LE FOOTBALL FEMININ SAUVE DE JUSTESSE A LA PORTE DE LA DISPARITION EN 1999

A cause de l’epais dossier Aigle Brillant-Tigresses, le football feminin avait abandonne le stade en direction du “cimetiere” (!). On etait a quelques pas du terme de la saison 98-99. Ne masquant pas leur inquietude, les journalistes sportifs ne cessaient d’appuyer sur la sonnette d’alarme. Mais la FHF, pour sa part, resta muette au sujet des problemes coriaces du football feminin.

Un jour, pendant une conference de presse ou le Bureau federal presenta officiellement Manno Sanon et Nono Jean-Baptiste, nouveaux membres de la Commission technique, Harold Domond, journaliste sportif de Radio Caraibe FM, posa la question suivante au president provisoire de la FHF, Jean-Edouard Backer : “Que compte faire la Federation pour aider le football feminin a sortir de l’impasse” ?

Puisque la reponse du president n’etait pas convaincante, Domond posa la meme question au secretaire general Elie S. Jean apres la conference de presse. Sans hesiter, Elie precisa que “la crise du football feminin est tellement aigue que la FHF a decide de ne pas intervenir. Toutefois, si votre confrere RJL accepte de se charger du dossier, la Federation l’accompagnerait”.
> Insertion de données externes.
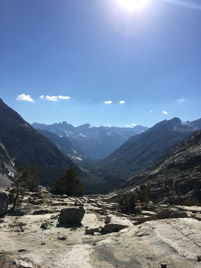 Wir liefen schließlich immer weiter Richtung „Tal“ und trafen schließlich auf einen wunderschönen, funkelnden See in Mitten des Kings Canyon. Zudem strömten um uns herum zig Wasserfälle aus den Bergen heraus und ich verstehe wieso die Sierra als Kronjuwel des PCT gilt. Die Pässe zu besteigen ist harte Arbeit, aber die Aussichten und die Natur sind atemberaubend! Ich habe selten so idyllische Plätze gesehen und war selten so ergriffen von der wilden Natur.

A mon tour, j’ai dit au secretaire general Elie S. Jean, ex-president de l’equipe feminine Minerve 13 : “Comme d’habitude, je suis pret a supporter le football feminin. Mais, cette fois-ci, j’exige une lettre de la FHF pour executer ce boulot”. Le lendemain, la Federation m’a nomme “Coordonnateur de la LHFF”. J’ai accepte de m’engager sur cette voie cahoteuse par sentiment d’appartenance.

C’est le tresorier de la FHF, Frantz Liautaud, qui m’accompagnait dans cette “mission de la derniere chance”. Tout d’abord, nous avons organise une reunion avec les omze (11) equipes engagees dans le Championnat national. A l’appel nominal, six (6) equipes sur onze (11) se sont engagees a poursuivre la course. D’entree de jeu, M. Liautaud a annonce aux delegues des clubs que Capital Bank sponsorisera la competition nationale.

Deux jours plus tard, en recevant le nouveau classement ou les Amazones occupaient la derniere place, un responsable “amazonien” m’a affirme que son equipe a decide d’abandonner la competition. Ce que ce dirigeant confirma lors de la deuxieme reunion organisee par le “Comite pompier” alignant Frantz Liautaud, representant du Bureau federal, le coordonnateur RJL et deux membres de la LHFF, Alfred “Dodo” Desir et Marie-Rincher Rimpel. En considerant le desistement des Amazones, Frantz Liautaud a declare : “Puisque six (6) equipes sur onze (11) ont desiste, la LHFF organise la Coupe d’Haiti”.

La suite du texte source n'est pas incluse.